Remember this 4 x 4 square matrix is a 2D array and holds 4 inner arrays within the outer array.
Therefore, the length of the outer array and each inner array is 4
due to the "square" nature of these matrices. If you look closely, each of the indexes in the right diagonal sum to 3 which is the length of the array minus one. Using a single control variable i
, this can be simplified as we are simply moving forward a single row and column at each iteration.
To find the values within the right diagonal, we find the values where the sum of index i + j equals array.length-1
. To write it out more clearly, using a single index i
, we can find values along the right diagonal using n-1-i
, where n
equals array.length
.
As we increment i
by one while iterating the matrix, we first start at row zero where i=0
so n-1-i = 4-1-0 = 3
that is, the top-right corner at (0,3)
which is represented by (i, n-1-i)
. Following this logic we can move to the next row where i=1
and see n-1-1 = 4-1-1 = 2
which represents the cell one unit to the left and one unit down (1, 2)
. Continuing along this path until reaching the bottom-left corner.
(0, 3) = 0 + 3 = 3
(1, 2) = 1 + 2 = 3
(2, 1) = 2 + 1 = 3
(3, 0) = 3 + 0 = 3
After summing both diagonals, the function can return the absolute difference of the diagonals to reach our desired solution.
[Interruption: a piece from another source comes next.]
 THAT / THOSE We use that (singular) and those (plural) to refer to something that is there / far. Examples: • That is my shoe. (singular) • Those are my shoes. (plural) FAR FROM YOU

The logic below passes the HackerRank test cases.
public class Matrix {
// O(n) time | O(1) space
public static int diagonalDiff(int[][] arr) {
int n = arr.length;
int leftDiagonal = 0, rightDiagonal = 0;
for (int i = 0; i < n; i++) {
leftDiagonal += arr[i][i];
rightDiagonal += array[i][n-1-i];
}
return Math.abs(leftDiag - rightDiag);
}
}
The question could also use a List
interface to maintain the sequence of integers. The function signature would look different as it will use List<List<Integer>> arr
and accessing elements in a 2D list looks like: arr.get(i).get(j)
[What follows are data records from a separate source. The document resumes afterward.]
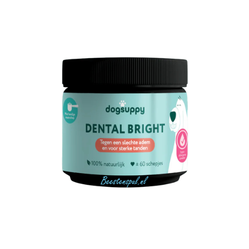 Dental Bright is een 100% natuurlijk poeder dat je eenvoudig over het voer van je hond strooit en zo dagelijks bijdraagt aan een gezonde mond.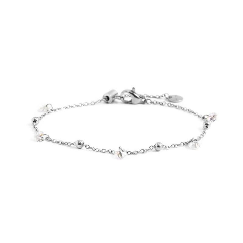 Descrizione: Bracciale con catena cross, cubic zirconia e sfere di acciaio alternati. Lunghezza totale 19 cm regolabile da 19 cm a 13 cm tramite cursore. Marlù logo tag presente all'estremità.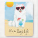 It’s a dog’s life! Be cool and celebrate the dog days of summer with this cute American Eskimo Dog wearing sunglasses and relaxing with a drink.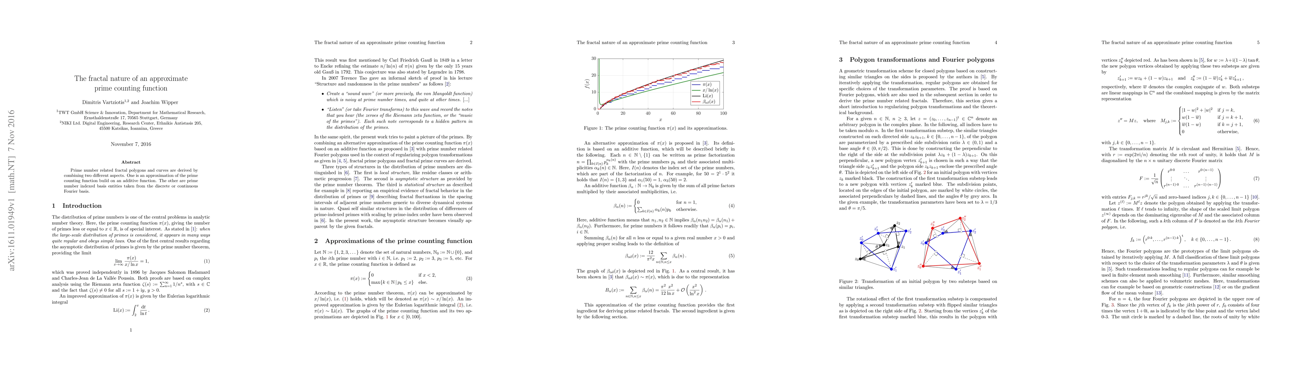 Summary: The paper explores the creation of fractal polygons and curves related to prime numbers by merging an additive approximation of the prime counting function with prime number indexed basis entities from Fourier analysis, revealing intricate fractal patterns.

. The same algorithm can be used, its just a slightly different data structure than int[][]
to hold the input matrix.
Calculate the Diagonal Sum
Given a square matrix, return the sum of the matrix diagonals.
Only include the sum of all the elements on the primary diagonal and all the elements on the secondary diagonal that are not part of the primary diagonal.
public class Matrix {
// O(n) time | O(1) space
public static int diagonalSum(int[][] arr) {
int n = arr.length;
int sum = 0;
for (int i = 0; i < n; i++) {
// if the indexes are equal, only add the value from one diagonal
if (i == n-1-i) {
sum += arr[i][i];
} else {
sum += arr[i][i] + arr[i][n-1-i];
}
}
return sum;
}
}
Outro
This article should prepare you for finding the diagonals of any square matrix and calculating the diagonal difference or sum. Thanks for reading!
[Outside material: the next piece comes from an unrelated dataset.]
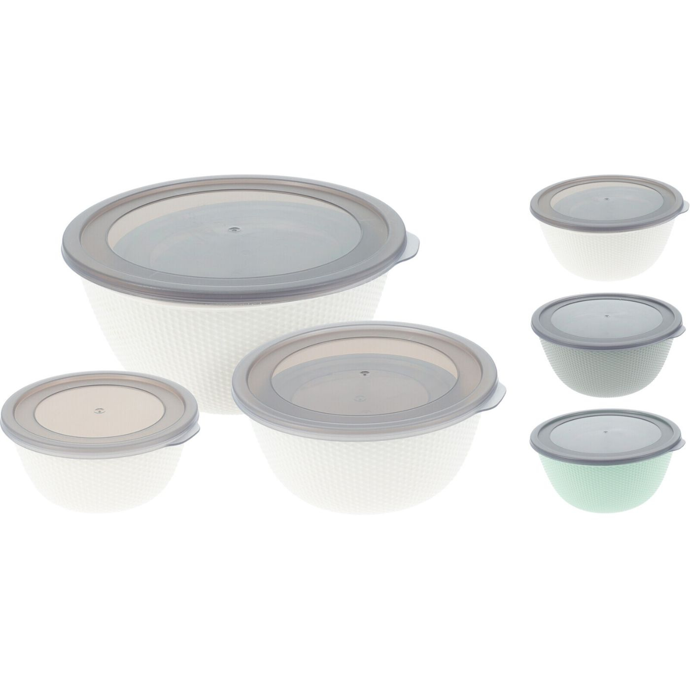 Set med tre staplingsbara förvaringsboxar i plast, alla med lock för enkel och säker förvaring. Perfekt för att hålla ordning på prylar hemma, i garaget eller på resan.

Linear algebra 101: When a square matrix has its left diagonal values equaling
1
and the other values (everything but the left diagonal) equaling0
, the matrix is said to be Linearly Independent. To obtain only 1s and 0s in your square matrix, you will need to perform row-reduction which is outside the scope of this article but food for thought!